Иногда даже проект по строительству тысячи коттеджей не стоил того, чтобы ради него работать на Доломо.

В огромном конференц-зале в южной части здания, где супруги Доломо часто проводили совещания с руководителями своих подразделений, Беатрис выглядела почти счастливой.

Барри вытер себя бумажными полотенцами.

— Мне нужна правда. Если оценивать в баллах от одного до десяти, то каковы наши шансы выиграть дело в апелляционном суде?

— Мы по-прежнему можем признать свою вину в деле о мошенничестве.
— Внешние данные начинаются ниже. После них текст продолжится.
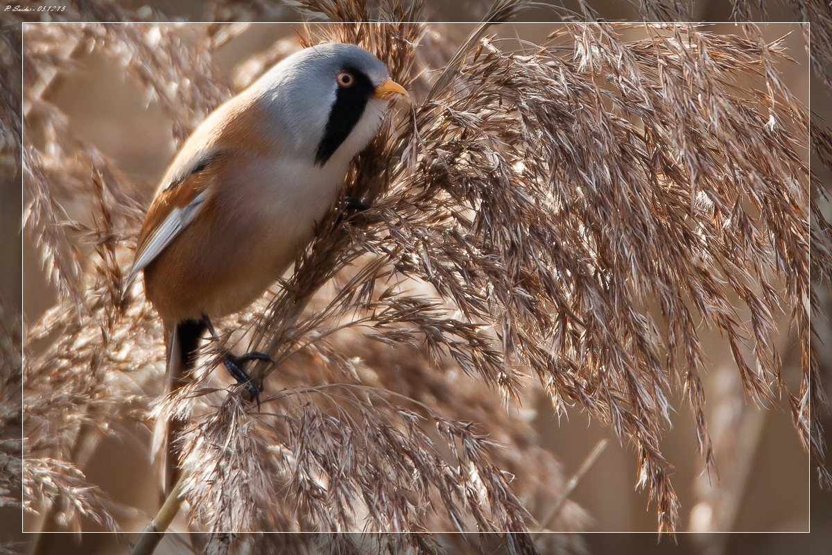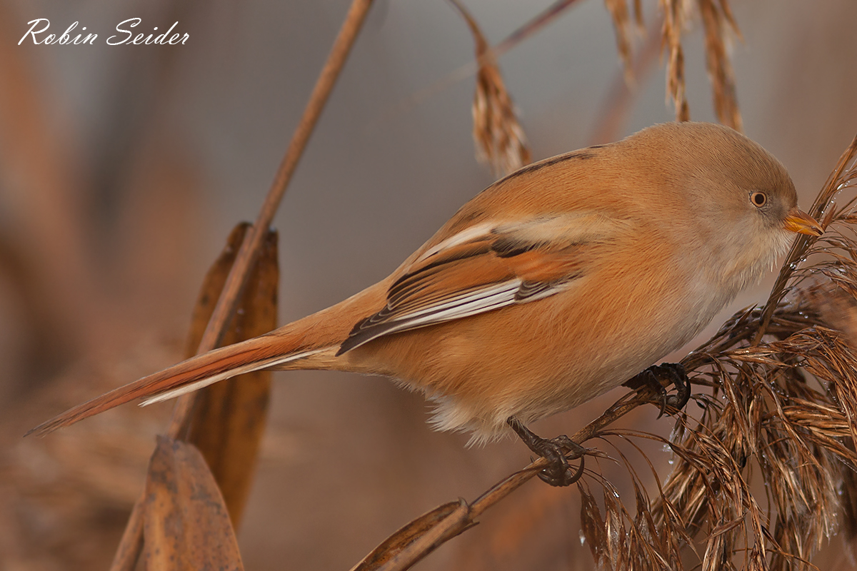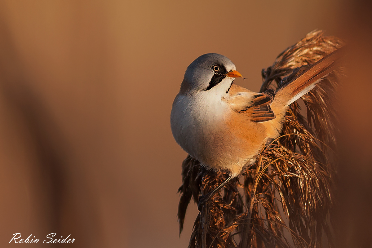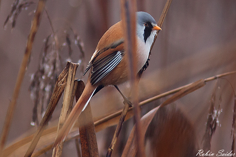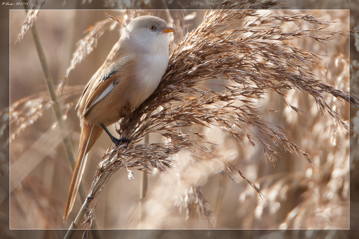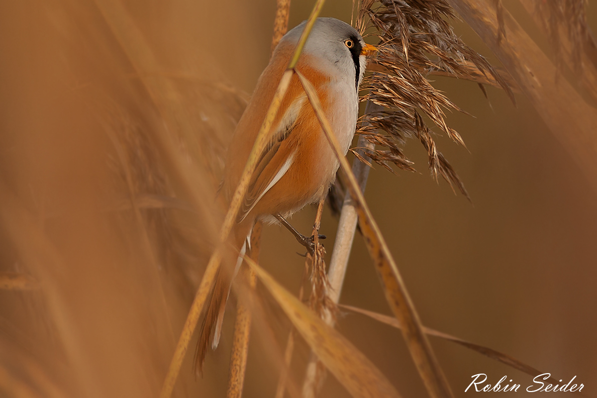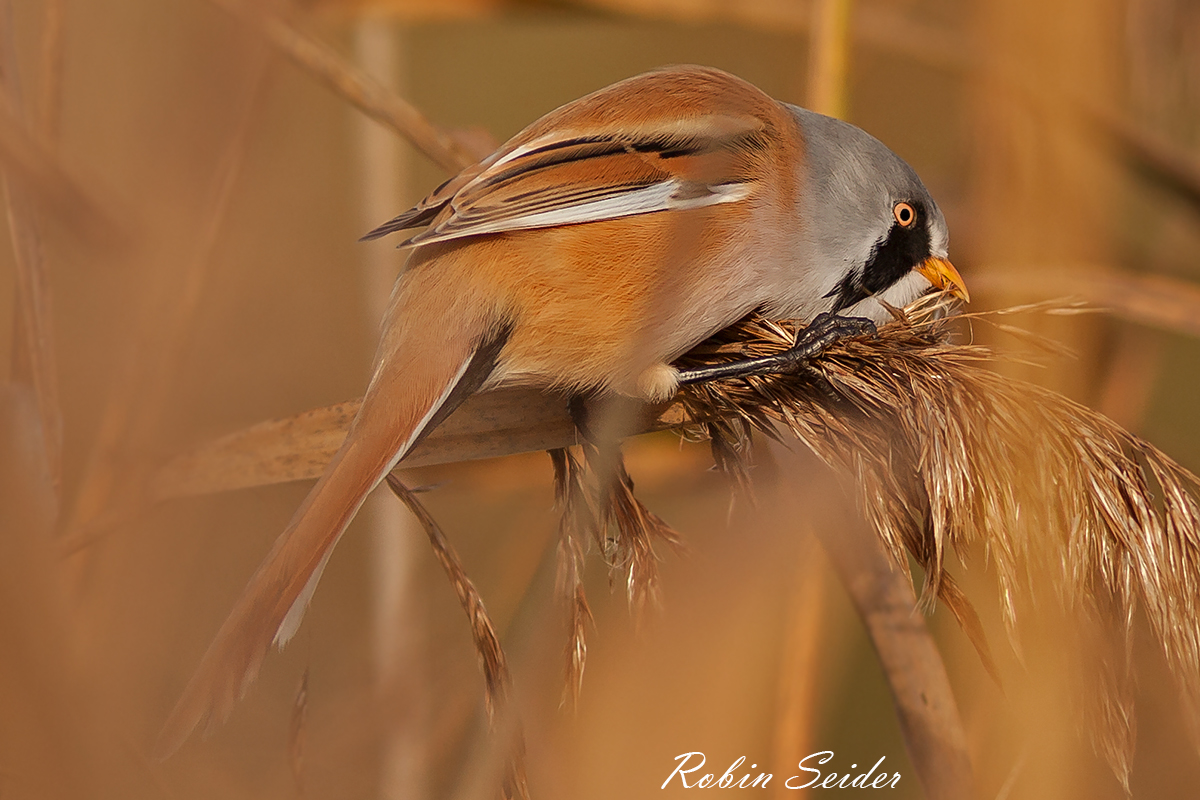 Die Bartmeise (Panurus biarmicus) ist eine Vogelart und wird heute meist als einzige Art der damit monotypischen Panuridae betrachtet. Sie ist ein meisenartiger, langschwänziger Bewohner großer Schilfflächen. Ihre Länge beträgt zwischen 14 und 15,5 cm. Sie ist klein, hell gelbbraun und hat einen hell gelbbraunen Schwanz. Das adulte Männchen besitzt einen hell blaugrauen Kopf mit langem schwarzen Bartstreif und weißer Kehle. Die Unterschwanzdecken sind weiß. Bei dem adulten Weibchen dagegen ist der Kopf beigebraun ohne schwarzen Bart. Die Kehle ist schmutzigweiß und die Unterschwanzdecken sind beige. Jungvögel ähneln adulten Weibchen, haben jedoch eine schwarze Mantelmitte und schwarze Bereiche im Schwanz. Ihr Gefieder ist eher gelbbeige. Quelle: Wikipedia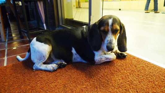 身為中華民國動物親善大使(誰?),怎麼可以忘記介紹汪汪呢?這是販賣區門口的門神米格魯(好像有點老了喏)(而且我本來以為牠是HUSH PUPPIES那種狗,不過看照片覺得應該是米格魯吧)

— Я тебя не об этом спрашиваю.

— Никаких шансов.

— Тогда, — угрожающе произнесла Беатрис Доломо, — мы начинаем играть жестко.

— А аллигаторы в бассейнах и угрозы президенту — это что, значит играть мягко?

— Я хочу сказать, что мы будем фехтовать без наконечников на рапирах, Барри.

— За такое фехтование людей отправляют в газовые камеры, Беатрис. Почему бы не сократить себе расходы и убытки и не спастись бегством? У вас по-прежнему уйма денег, особенно если вы продадите это поместье, в котором вам теперь нет особой нужды. Попробуйте оценить преимущества реальных денег — если вы продадите поместье, то сможете до конца своих дней избавиться от угрозы тюремного заключения. Никакой больше религии, просто чудесная, мирная, хорошо обеспеченная пенсия.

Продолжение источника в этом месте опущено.